> **TASK DETAILS**
In the records below, the relevant part opens with the line containing "湖北青龍山恐龍蛋化石群國家級" and closes with the line containing "能增强家畜性机能或促进性机能"; print that part exactly and only, without its pictures.

> **DATA RECORDS**
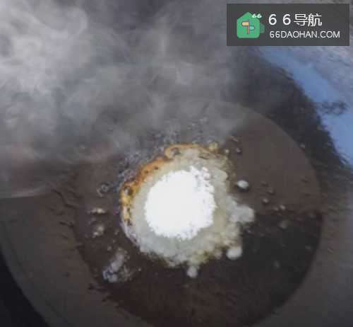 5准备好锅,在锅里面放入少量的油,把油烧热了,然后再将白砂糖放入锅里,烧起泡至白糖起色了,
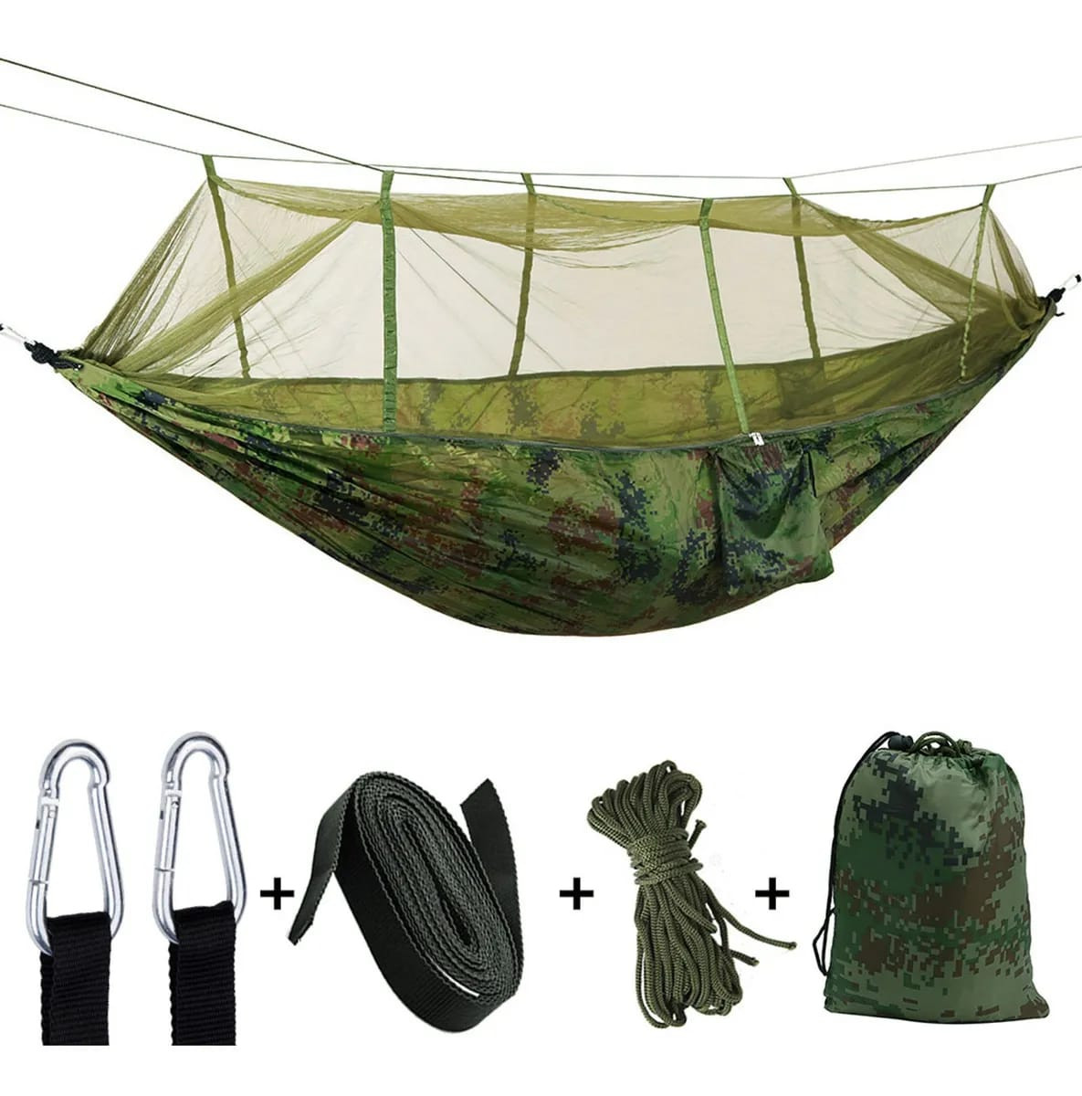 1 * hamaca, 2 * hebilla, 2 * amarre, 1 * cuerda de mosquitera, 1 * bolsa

---

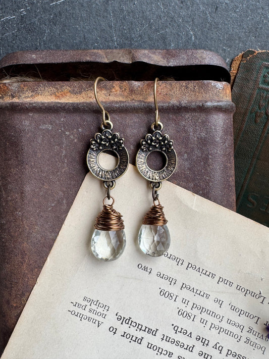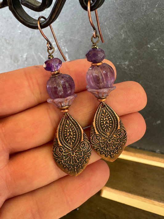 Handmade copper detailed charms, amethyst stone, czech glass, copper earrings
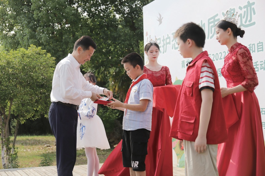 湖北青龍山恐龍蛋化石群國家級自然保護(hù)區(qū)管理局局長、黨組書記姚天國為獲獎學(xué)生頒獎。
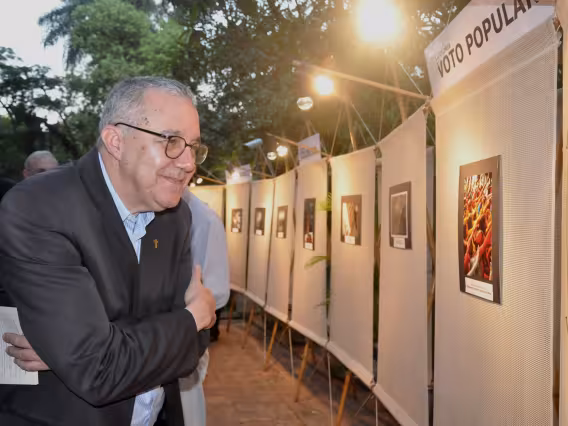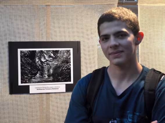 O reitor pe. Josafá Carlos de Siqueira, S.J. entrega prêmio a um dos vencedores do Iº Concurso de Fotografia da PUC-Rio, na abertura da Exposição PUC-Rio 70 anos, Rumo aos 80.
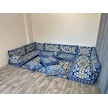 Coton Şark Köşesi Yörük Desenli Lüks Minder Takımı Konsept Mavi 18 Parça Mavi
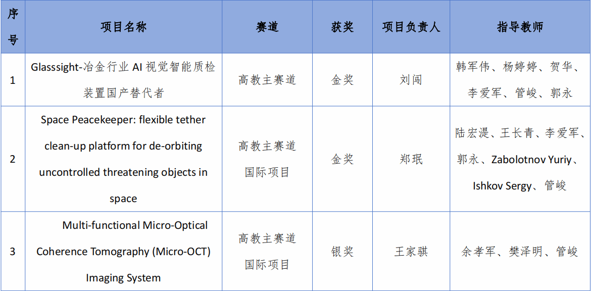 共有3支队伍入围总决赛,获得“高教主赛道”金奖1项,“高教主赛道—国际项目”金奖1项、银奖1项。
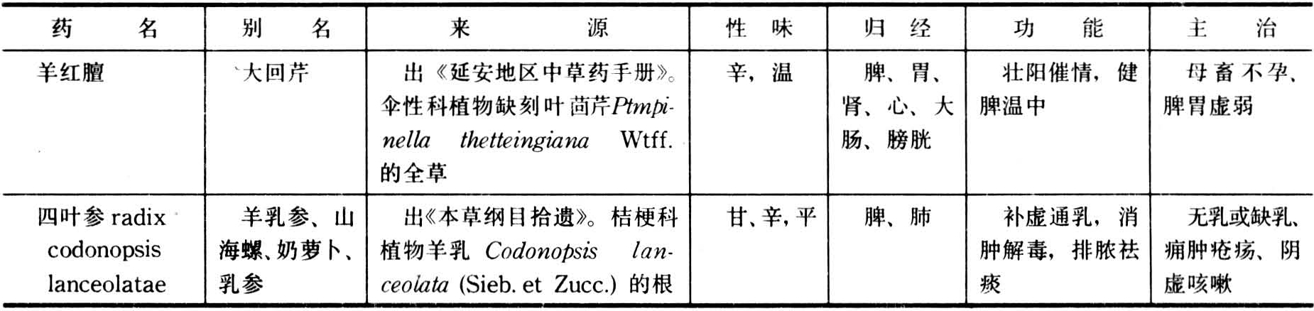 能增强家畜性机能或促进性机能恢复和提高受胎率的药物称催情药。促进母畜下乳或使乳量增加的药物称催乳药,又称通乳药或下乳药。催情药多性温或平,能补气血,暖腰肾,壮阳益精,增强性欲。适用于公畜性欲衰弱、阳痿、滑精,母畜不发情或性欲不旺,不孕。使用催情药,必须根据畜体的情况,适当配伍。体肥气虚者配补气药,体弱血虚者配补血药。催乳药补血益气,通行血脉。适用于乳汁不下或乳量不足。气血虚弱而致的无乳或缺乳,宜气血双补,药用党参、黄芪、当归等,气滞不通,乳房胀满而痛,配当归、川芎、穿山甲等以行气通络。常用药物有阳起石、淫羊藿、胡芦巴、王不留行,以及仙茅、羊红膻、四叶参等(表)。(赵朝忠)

> **SOLVED EXERCISE**
 湖北青龍山恐龍蛋化石群國家級自然保護(hù)區(qū)管理局局長、黨組書記姚天國為獲獎學(xué)生頒獎。
 O reitor pe. Josafá Carlos de Siqueira, S.J. entrega prêmio a um dos vencedores do Iº Concurso de Fotografia da PUC-Rio, na abertura da Exposição PUC-Rio 70 anos, Rumo aos 80.
 Coton Şark Köşesi Yörük Desenli Lüks Minder Takımı Konsept Mavi 18 Parça Mavi
 共有3支队伍入围总决赛,获得“高教主赛道”金奖1项,“高教主赛道—国际项目”金奖1项、银奖1项。
 能增强家畜性机能或促进性机能恢复和提高受胎率的药物称催情药。促进母畜下乳或使乳量增加的药物称催乳药,又称通乳药或下乳药。催情药多性温或平,能补气血,暖腰肾,壮阳益精,增强性欲。适用于公畜性欲衰弱、阳痿、滑精,母畜不发情或性欲不旺,不孕。使用催情药,必须根据畜体的情况,适当配伍。体肥气虚者配补气药,体弱血虚者配补血药。催乳药补血益气,通行血脉。适用于乳汁不下或乳量不足。气血虚弱而致的无乳或缺乳,宜气血双补,药用党参、黄芪、当归等,气滞不通,乳房胀满而痛,配当归、川芎、穿山甲等以行气通络。常用药物有阳起石、淫羊藿、胡芦巴、王不留行,以及仙茅、羊红膻、四叶参等(表)。(赵朝忠)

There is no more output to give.